As we are trying to create triangles by joining the vertices of a n-sided polygon, we have to choose 3 points out of those n points.
${{T}_{n}}$ be the number of triangles of which can be formed using the vertices of a regular polygon of n sides.
So, the number of triangles created by joining the vertices of a n-sided polygon is exactly equal to the number of ways 3 points can be chosen from the n points.
We know the number of ways r things can be chosen out of n things are ${}^{n}{{C}_{r}}=\dfrac{n!}{\left( n-r \right)!\times r!}$.
So, the number of ways 3 points can be chosen from the n points is ${{T}_{n}}={}^{n}{{C}_{3}}$.
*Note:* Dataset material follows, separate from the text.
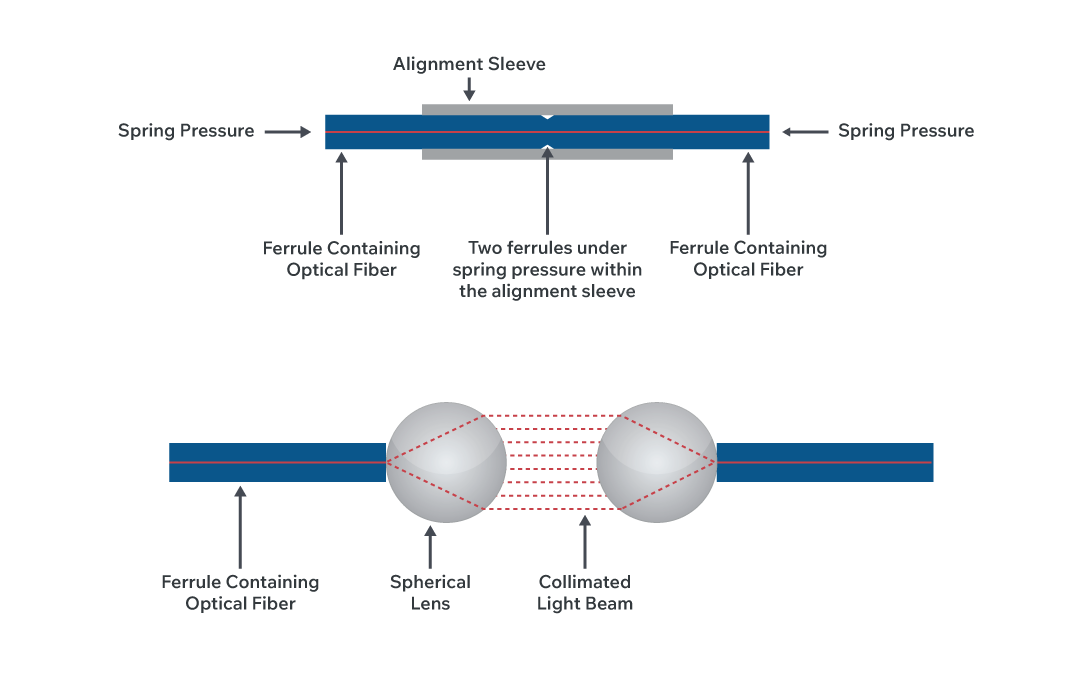 Figure 2. Comparison between physical contact mating (above) and expanded beam components and operation (below).

It’s given that ${{T}_{n+1}}+{{T}_{n}}=91$. We put the value and get
$\begin{align}
  & {{T}_{n+1}}+{{T}_{n}}=91 \\
 & \Rightarrow {}^{n+1}{{C}_{3}}+{}^{n}{{C}_{3}}=91 \\
 & \Rightarrow \dfrac{\left( n+1 \right)!}{\left( n+1-3 \right)!\times 3!}+\dfrac{n!}{\left( n-3 \right)!\times 3!}=91 \\
\end{align}$
We now the form of factorial to find solution
$\begin{align}
  & \dfrac{\left( n+1 \right)!}{\left( n-2 \right)!\times 3!}+\dfrac{n!}{\left( n-3 \right)!\times 3!}=91 \\
 & \Rightarrow n\left( n+1 \right)\left( n-1 \right)+n\left( n-1 \right)\left( n-2 \right)=91\times 6 \\
 & \Rightarrow n\left( n-1 \right)\left( 2n-1 \right)=546 \\
 & \Rightarrow 2{{n}^{3}}-3{{n}^{2}}+n-546=0 \\
 & \Rightarrow \left( n-7 \right)\left( 2{{n}^{2}}+11n+78 \right)=0 \\
\end{align}$
Solving the equation, we get $n=7$ and the other two roots will be imaginary.

So, the correct answer is “Option B”.

Note: We have to remember that in case of triangles we don’t have to worry but if we are asked about diagonal where we need any 2 points then at the end, we have to subtract the number of sides from the option as they will be considered as diagonals. So, the answer will be ${}^{n}{{C}_{2}}-n$.